An example of an application for this conductive ceramic is a pigment for conductive paint.
This example involves the reduction of a ceramic grade titanium dioxide with copper chloride-intercalated graphite and hydrogen.
The titanium dioxide is the same as described in Example No. 1. The copper chloride-intercalated graphite is identified by its manufacturer, Intercal Company, as having a formula C14.5 CuCl2, a bulk density of 0.18 g/cm3, a specific gravity of 2.57 g/cm3, an average particle size of 5 microns, and an analysis referred to by its manufacturer as being based on preliminary data of: carbon--56.4 wt.%; copper--20.6 wt.%; chlorine--23.0 wt.%; and ash--less than 0.5 wt.%.
Twenty kilograms of the TiO2 powder and 1.6 kg of the graphite are mixed in a V-blender for 0.5-1 hour to provide a uniform mixture of the powders. About 400 g of the mixture is formed into a rod in an isostatic press which is used to apply a forming pressure of about 20,000 psi to the mixture. One of the advantages of using graphite intercalated with a metal chloride is that the metal chloride functions as a binder and the graphite functions as a lubricant in forming an article such as a tile, tube, or rod. Accordingly, it is not necessary to use a binder or additives in order to hold together the formed and compressed powdered mixture of the part.
After the rod is formed, it is placed in a furnace where it is held at a temperature of 1250° C. for 3 hours. With a constantly varying hydrogen flow through the furnace of between 10 and 20 liters/min, the atmosphere is highly reducing.
As the rod is withdrawn from the furnace, it is observed to have a blue/black appearance. The electrical conductivity is uniform throughout the thickness of the part.
The next example illustrates the preparation of an electrically conductive, ceramic plate.
The plate of this example is formed from the type of titanium dioxide powder and copper chloride-intercalated graphite identified in Example No. 2 above.
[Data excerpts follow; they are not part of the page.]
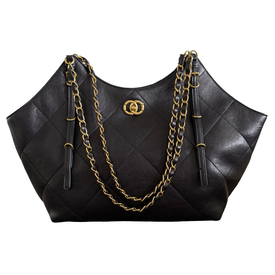 Tan Quilted Chain Handle Shopper
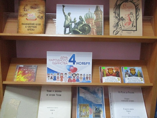Ко Дню народного единства, государственного праздника, учреждённого в 2005 году в память о событиях 1612 года, когда народное ополчение под предводительством Кузьмы Минина и Дмитрия Пожарского освободило Москву от польских интервентов, библиотекой подготовлена выставка литературы о Смутном времени, в годы которого состоялась не только русско-польская война.
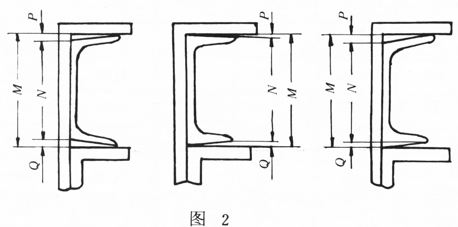 6.1.4 检查腿的外缘斜度按图2,用样板测量P和Q及M与N之差的绝对值,不得超过本标准2.1.4.4规定。
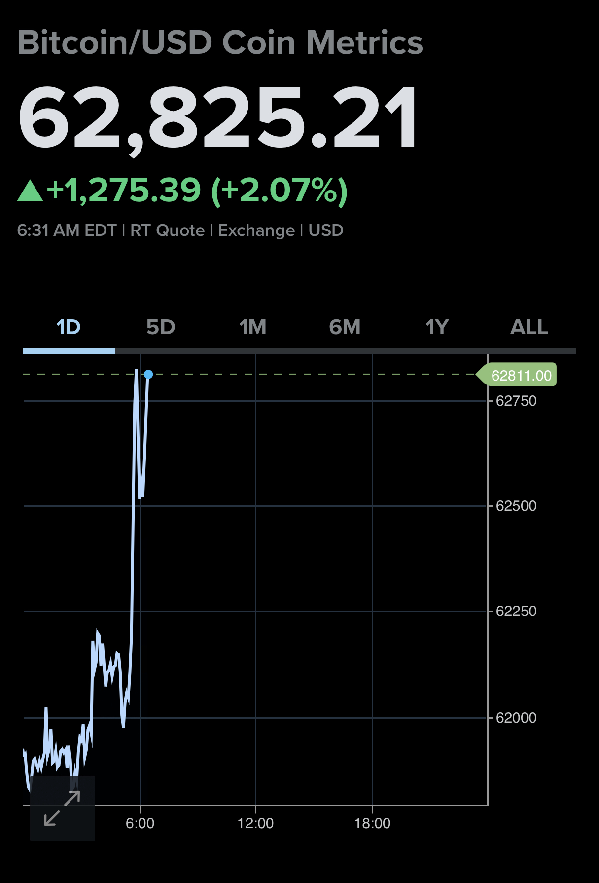 Bitcoin (BTC) over the previous day in US dollars (USD). The price of Bitcoin was $62,825.21, up $1,275.39 (+2.07%) from the day before.
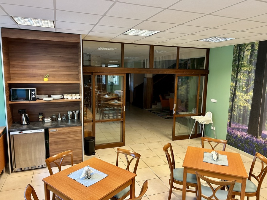 Hned po vstupu do jídelny našeho penzionu na vás čeká společná kuchyňka, která je k dispozici nepřetržitě všem našim ubytovaným hostům.
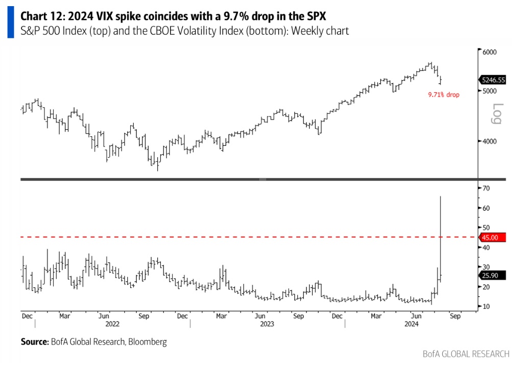 上周,VIX 指数的暴涨无疑向市场发出了一份紧急警报。VIX 指数在 8 月 5 日飙升至 65.73,创下疫情时飙升至 85.47 以来的最高水平,标普 500 指数大幅下挫。随后 VIX 指数在 8 月 9 日收于 20.37,标普 500 指数反弹至 5300 点附近。
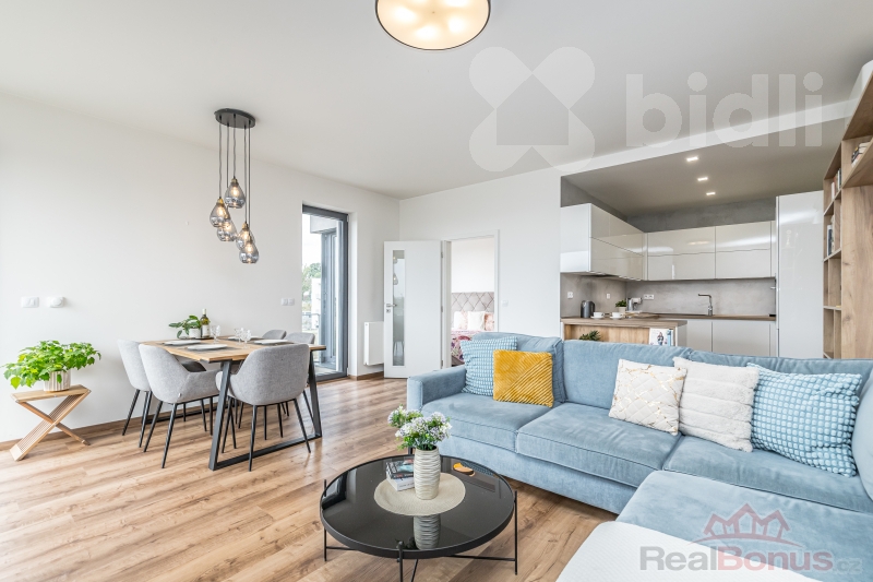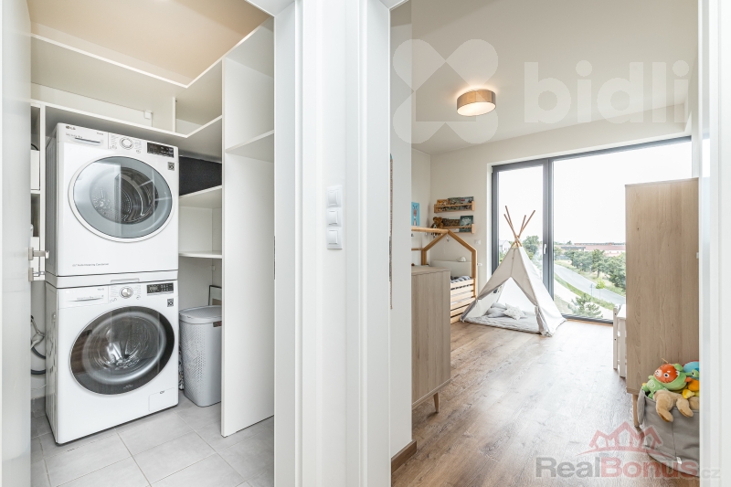 Dispozice 4+kk nabízí obývací pokoj s moderní kuchyní značky Hanák (lakovaná, ve vysokém lesku, vybavená vestavnými spotřebiči), hlavní ložnici, dva další pokoje vhodné jako dětský pokoj, pracovna nebo pokoj pro hosty, dvě koupelny (vana i sprchový kout), dvě toalety a praktickou technickou místnost s pračkou, sušičkou a úložným prostorem. V bytě je dostatek vestavěných skříní, bezpečnostní vstupní dveře, kvalitní vinylové podlahy a dlažba.

Following the mixing steps described in Example No. 1, 10 kg of a mixture comprised of 90 wt.% TiO2 powder and 10 wt.% of copper chloride-intercalated graphite are placed in a furnace and subjected to a temperature of 1250° C. for approximately 2 hours and a reducing atmosphere which includes a hydrogen flow of approximately 10 liters/min. The cooled titanium suboxide powder that is the product of the reaction has a blue/black appearance.
Five hundred grams of the suboxide powder are mixed with 10 g of methylcellulose, an organic binder. The resulting mixture is then molded into a plate having dimensions of 28cm×28 cm×5 mm in a ram press utilizing a pressure of 3000 psi. The plate is then vitrified in a non-oxidizing atmosphere to inhibit oxidation of the suboxide form of titanium. Vitrification is effected at a temperature of 1250° C. for 1/2 hour. The plate is then ready for use.
The electrically-conductive, ceramic-type plate can be used as an anode or cathode in any electrochemical application.
The next example illustrates the preparation of a rod utilizing a multi-stage reducing process.
The rods of this example are formed in the same way as in Example No. 2 by mixing and isostatic pressing. They are formed from the titanium dioxide powder and copper chloride intercalated graphite identified in Example No. 2.
The rods are then fired in a high temperature furnace to a temperature of 1250° C. for 4 hours. This is done at a heating and cooling rate of 100 degree per hour.
The fired rods are finally reduced in the same way as in Example No. 2.
The final products have high density and strength. The electrical conductivity of the multi-stage fired pieces is much higher than that of either TiOx without intercalated graphite or the pieces described in Example Nos. 2 and 3 with the same amount of intercalated metal elements.
In summary, it can be said that the present invention provides a unique composition which can be used to excellent advantage in many different types of applications and that it encompasses the provision of an efficient process for preparing the unique composition.